It's just over a year since Microsoft shattered industry records with its $75 billion acquisition of Activision Blizzard – and next week, that eye-wateringly expensive deal will face its most important test yet.
The launch of Call of Duty: Black Ops 6 will be a major data point both for Microsoft itself, and for external observers, as they try to puzzle out the value of the deal and the kind of strategy we're likely to see from the company in the coming years. That's because Black Ops 6 will be available to Game Pass' premium tier subscribers at launch – a major coup for Game Pass, but one whose costs and benefits remain pretty much impossible to predict.
This launch is a landmark in the grand experiment that is Microsoft's integration of Activision Blizzard and its catalogue
It's not unfair to say that Call of Duty was the Activision IP that Microsoft was most desperate to acquire; it was this franchise that justified that extraordinary acquisition price tag, to the extent that it can be justified at all.
However, owning Call of Duty has actually left the company in an odd position, since it now owns a massive franchise that generates a very large slice of its revenues on PlayStation.
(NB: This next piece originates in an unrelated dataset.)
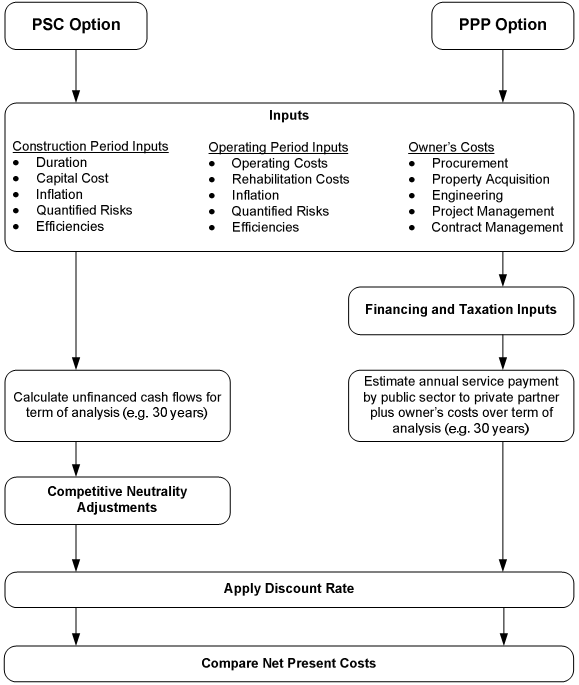 Figure 5 below summarizes the process described in Part 2 for determining the quantitative value for money by comparing the NPC of the alternative cash flows for a project.

Fears that Microsoft could make the franchise Xbox-exclusive were never realistic; even if the Xbox leadership wanted to do that, slashing the revenue potential of such an expensively acquired new subsidiary would never pass muster with Microsoft's top management.
Sony's big fear, and the reason it lobbied competition authorities to block the acquisition, was a little more nuanced; it feared that Call of Duty would be a Game Pass exclusive as a subscription title, tilting the competitive landscape by allowing Microsoft to point out that people paying $70 for the game on PlayStation could instead be playing it for 'free' on Game Pass.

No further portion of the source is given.